From Hinckley to Harvard: Institute of Politics officials say civic engagement is a struggle for all universities

The U’s Hinckley Institute of Politics claims its internship program is the country’s best, and now Ivy League schools are following its lead.

On Nov. 5 and 6, four Hinckley staff members-Bryson Morgan, Courtney McBeth, Jacqueline Huntsman and Kirk Jowers-visited Harvard University for a skills training conference called the National Campaign for Political and Civic Engagement.

“There was a big focus on bridging the gap between service and political involvement,” Morgan said. “There’s a huge disconnect there. Students are more involved in direct service, but less likely to get involved in politics.”

A Harvard survey of college undergraduates conducted in October of 2002 found that nearly two-thirds of college students say they have recently volunteered in community service; 89 percent of this group volunteered in high school. However, less than 10 percent of undergraduates nationwide have volunteered on a political campaign. Although the 18-to-24-year-olds turned out in the strongest voting force for more than a decade last year, colleges have been struggling to maintain students’ interest in politics.

“Hosting this conference allows us to bring some of the best researchers together with student leaders who are turning new research into action on each of their campuses,” said Harvard’s Institute of Politics Director Jeanne Shaheen in a news release.

Morgan said the Hinckley Institute is working with other campus organizations, including the Bennion Center and VoteProject, to fix this trend locally through a high-school outreach program that teaches the importance of civic engagement.

In addition, the Hinckley Institute Student Alliance has worked on campus to bring together various political forces into one combined effort.

“(It’s) done an amazing job of engaging students in politics and elections, and our involvement with Harvard’s National Campaign has heightened the University of Utah on the national scene of political engagement,” McBeth said in a news release.

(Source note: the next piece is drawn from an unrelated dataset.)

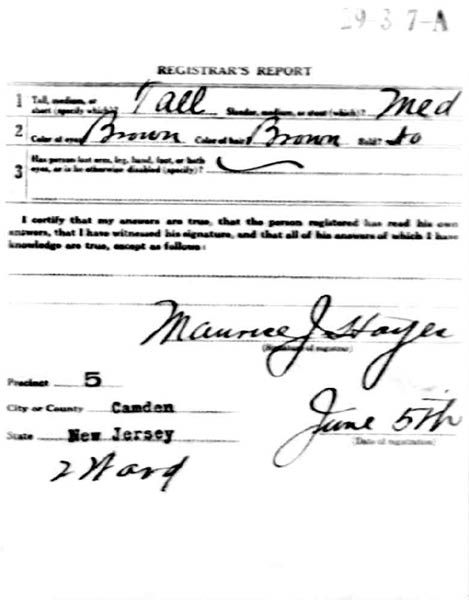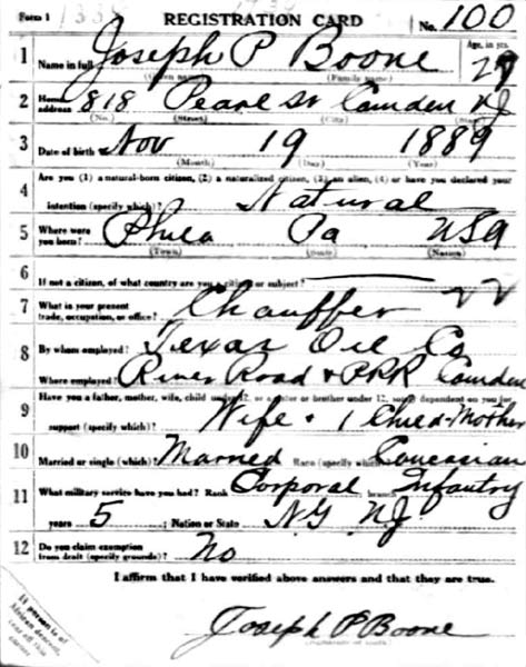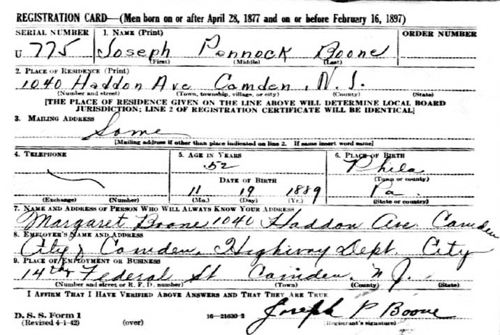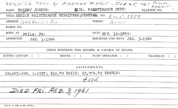 JOSEPH PENNOCK BOONE was born in Philadelphia on November 19, 1889 to Laura and Joseph Boone. The 1910 Census shows that he had moved with his widowed mother and younger sister Elsie to 151 Toledo Avenue in Haddon Township, New Jersey. This was the home of his grandfather, Anthony Mason. Joseph P. Boone worked installing parquet floors. He had moved to 443 Cherry Street in Camden by 1914, and was still working as a floorlayer. His mother had moved to Camden with him. When it was time to register for the draft in June of 1917, Joseph Boone had moved once again, to 818 Pearl Street in North Camden. By this time he had married and his mother also was still living with him. Joseph Boone was then working as a driver for the Texas Oil Company, which was located on River Road where the Pennsylvania Railroad tracks crossed. By January of 1920 Joseph P. Boone had moved to Philadelphia where he operated a cigar store. He had limited success in this venture, and by 1930 had moved back to New Jersey. He mad his home with his wife Margaret and two step-daughters, Edna and Dorothy Shaffer, another step-daughter, Mildred, had already gone out into the world. The family resided at 48 East Beechwood Avenue in Oaklyn. When he registered for the draft in 1942, Joseph and Margaret Boone had moved to 1040 Haddon Avenue in Camden NJ. He worked for the City of Camden's highway department until January 5, 1944 when he went to work for the Camden Fire Department in the title Senior Maintenance Repairman, General. Joseph P. Boone worked for the fire department until January of 1961. On the 25th of that month he was replaced by veteran fireman Morris Odell on orders from City Commissioner Garrity. Joseph P. Boone died on February 3, 1961 |

Huntsman said the conference renewed some of her ideas and enthusiasm, and it helped think about ways to connect the Hinckley Institute to different majors.

“They talked about how student leaders tend to be from one narrow group and how to reach out,” Huntsman said. “We want to connect people to politics because it affects every one of our lives.”

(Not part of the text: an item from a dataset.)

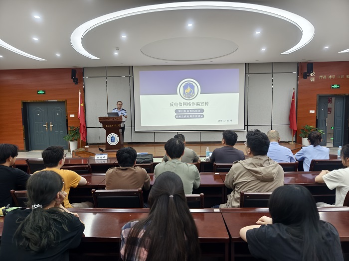 吴甲深度揭露电信诈骗产生及实施流程的“四部曲”,以心理学视角剖析受骗者侥幸心理,揭示诈骗分子利用信息差实施蒙骗的惯用伎俩。王琦通过鲜活的电信网络诈骗案例,系统梳理诈骗分子作案流程、危害后果,着重阐释“两卡”违法犯罪的法律责任,同时提醒学生保持警惕,及时清理可疑APP,从技术与意识层面双管齐下,筑牢反诈“防火墙”。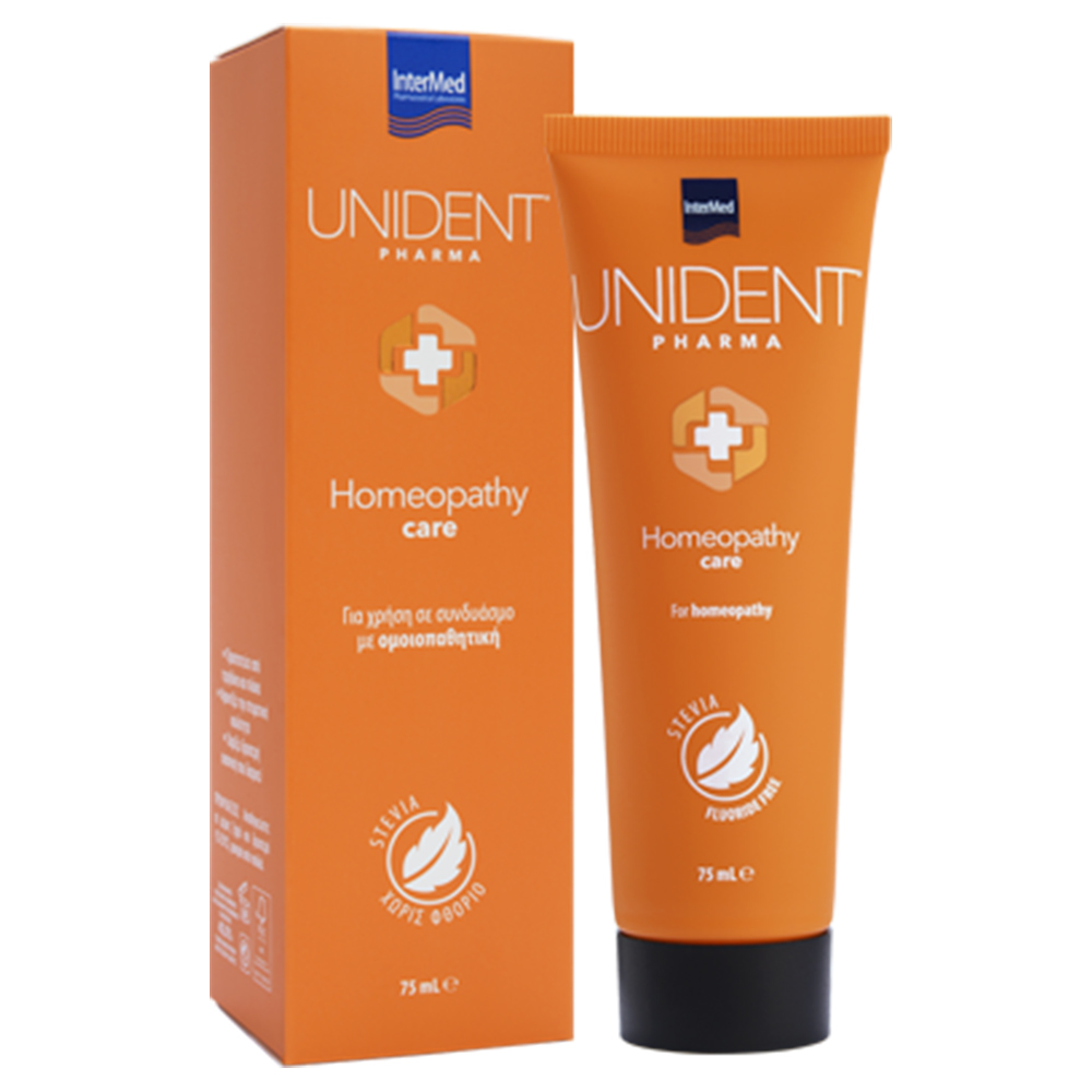 Η Unident Pharma Homeopathy Care είναι μια οδντόπαστα καθημερινής χρήσης χωρίς φθόριο για χρήση σε συνδυασμό με θεραπείες ομοιοπαθητικής.

Two administrators and two students from the Hinckley Institute participate in the all-expense paid Harvard trip twice each year.

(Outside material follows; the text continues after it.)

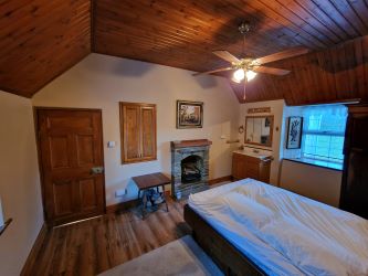 Solid timber flooring, timber cladded ceiling and a side aspect window. Currently fitted with two double beds in the upstairs garret bedroom of the cottage

Morgan attended last year and said the sessions focused on voter registration because it was an election year.

The U earned an invitation to join 20 other schools at the conference when Kirk Jowers, Steve Ott and Ron Hrebenar-then acting as part of the interim leadership of the Hinckley Institute along with Dan Jones-visited Harvard, NYU and Rutgers along with other campuses touting the Hinckley Institute’s internship program.

“When they found all the things the Hinckley Institute was doing and realized our internship program was the best in the country, it was a great way for us to stand out as a flagship institution with Ivy League schools,” Jowers said.

Morgan said it was a relief to see the entire nation face the same issues as the U.

“We’re all assessing the same problems, and the obstacles to civic engagement are the same across the country,” Morgan said. “We’re seeing what can be done to get over those obstacles.”